Brief: Output the listing below verbatim, without images.

BEGIN Given material

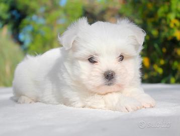 Perry (nome indicativo) è questa dolcissima cucciola femmina di Maltese di 2 mesi di età, nata nel nostro allevamento e pronta a trovare una nuova famiglia. Con il manto bianco soffice e il carattere affettuoso, è la compagna ideale per coccole e giochi. Sempre curiosa e vivace, riempirà la vostra casa di gioia e tenerezza.
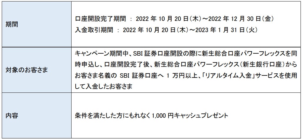 ※既にSBI証券口座・新生総合口座パワーフレックスをお持ちの方は対象外となります。
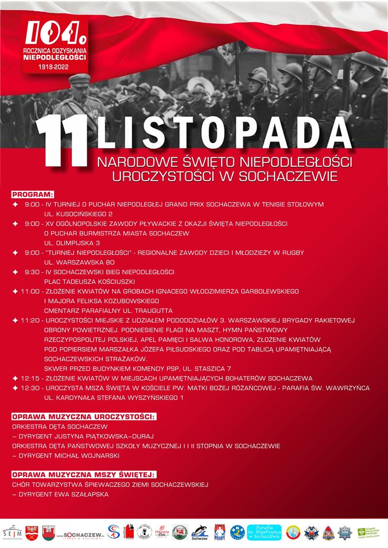 Poniżej zamieszczamy plakat z programem obchodów na 11 Listopada, zaplanowanych w Sochaczewie - z okazji rocznicy odzyskania przez Polskę Niepodległości.
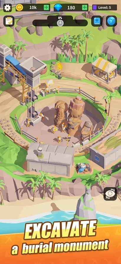 这款游戏是一款新颖的模拟经营类型的游戏,玩家将身临其境的在游戏的世界里体会到考古探险的乐趣。

END Given material

Solution below:
 Perry (nome indicativo) è questa dolcissima cucciola femmina di Maltese di 2 mesi di età, nata nel nostro allevamento e pronta a trovare una nuova famiglia. Con il manto bianco soffice e il carattere affettuoso, è la compagna ideale per coccole e giochi. Sempre curiosa e vivace, riempirà la vostra casa di gioia e tenerezza.
 ※既にSBI証券口座・新生総合口座パワーフレックスをお持ちの方は対象外となります。
 Poniżej zamieszczamy plakat z programem obchodów na 11 Listopada, zaplanowanych w Sochaczewie - z okazji rocznicy odzyskania przez Polskę Niepodległości.
 这款游戏是一款新颖的模拟经营类型的游戏,玩家将身临其境的在游戏的世界里体会到考古探险的乐趣。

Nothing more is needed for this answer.